▶ EXERCISE DETAILS
Could you retype exactly the lines below between the one holding "Поверх лука на" and the one holding "Нажмите на врача, которому", inclusive, leaving out any pictures?

-------------------------

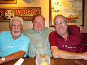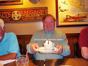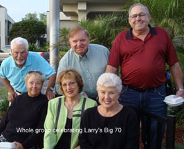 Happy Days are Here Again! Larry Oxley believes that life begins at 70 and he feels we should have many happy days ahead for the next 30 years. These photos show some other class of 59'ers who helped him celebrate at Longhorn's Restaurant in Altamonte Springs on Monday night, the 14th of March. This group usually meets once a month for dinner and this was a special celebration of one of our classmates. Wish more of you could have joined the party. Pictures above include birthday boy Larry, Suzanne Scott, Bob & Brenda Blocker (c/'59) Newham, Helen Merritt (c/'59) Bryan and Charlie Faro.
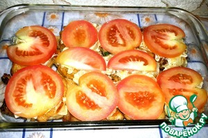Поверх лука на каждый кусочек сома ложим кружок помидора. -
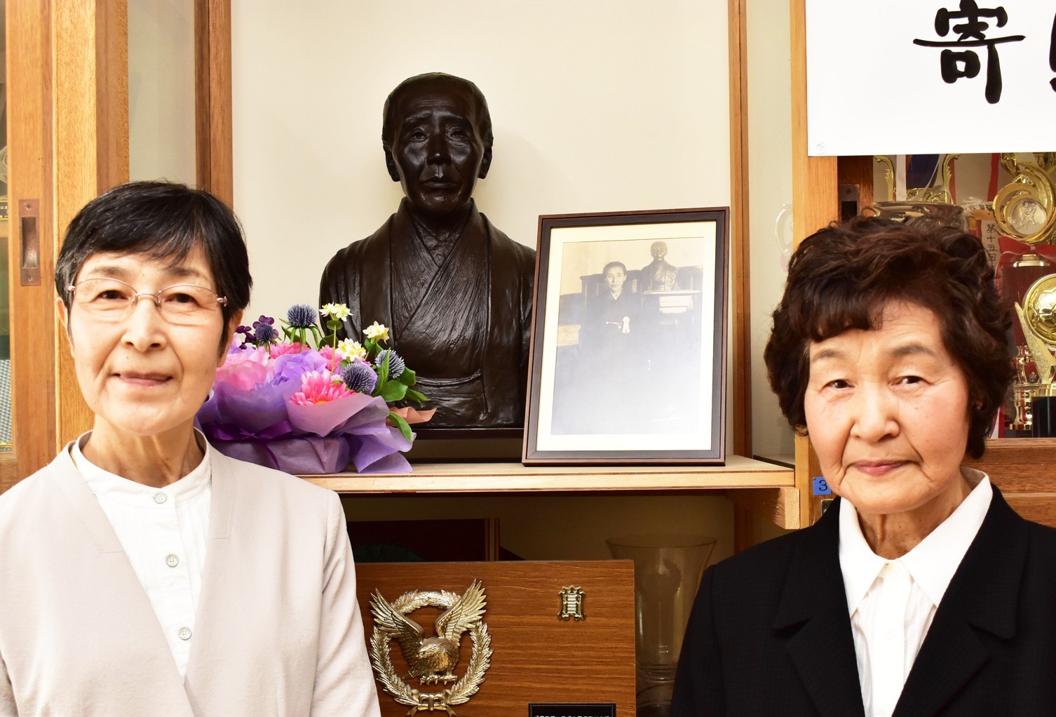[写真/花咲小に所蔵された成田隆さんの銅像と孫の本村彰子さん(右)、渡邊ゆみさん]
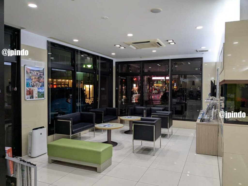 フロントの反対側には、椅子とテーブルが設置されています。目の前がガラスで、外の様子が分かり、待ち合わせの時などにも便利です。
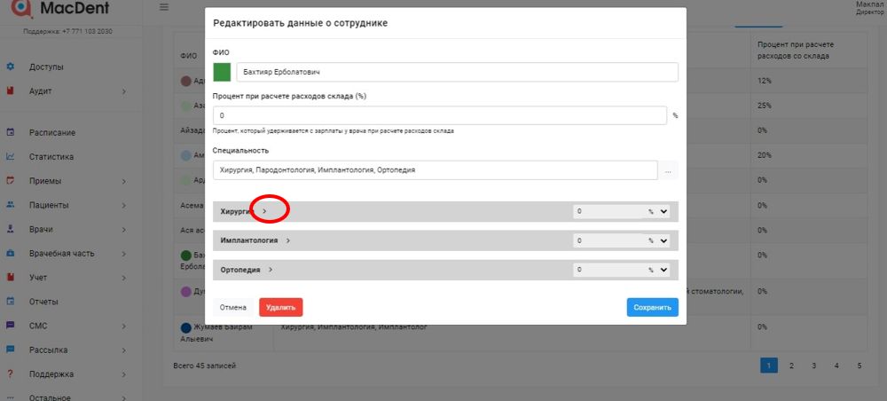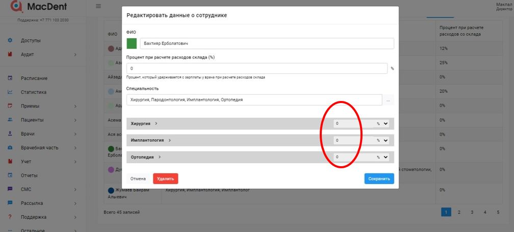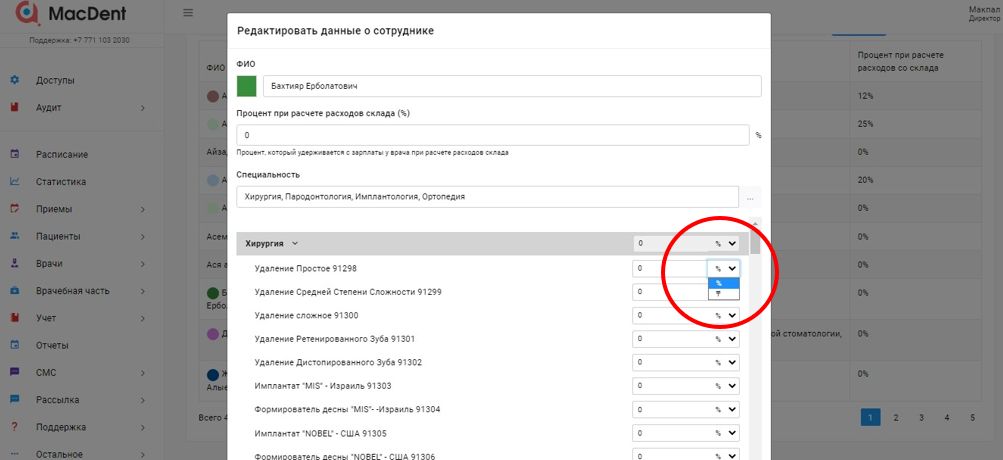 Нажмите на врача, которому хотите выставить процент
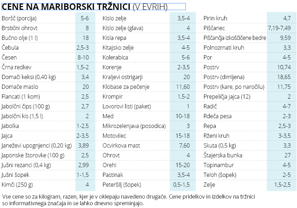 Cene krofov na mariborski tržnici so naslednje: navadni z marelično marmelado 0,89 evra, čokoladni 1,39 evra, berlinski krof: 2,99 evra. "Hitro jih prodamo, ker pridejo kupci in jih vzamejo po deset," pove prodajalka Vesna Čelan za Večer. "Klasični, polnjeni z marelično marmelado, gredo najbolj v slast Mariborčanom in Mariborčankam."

-------------------------

▶ RESPONSE BELOW
Поверх лука на каждый кусочек сома ложим кружок помидора. -
[写真/花咲小に所蔵された成田隆さんの銅像と孫の本村彰子さん(右)、渡邊ゆみさん]
 フロントの反対側には、椅子とテーブルが設置されています。目の前がガラスで、外の様子が分かり、待ち合わせの時などにも便利です。
 Нажмите на врача, которому хотите выставить процент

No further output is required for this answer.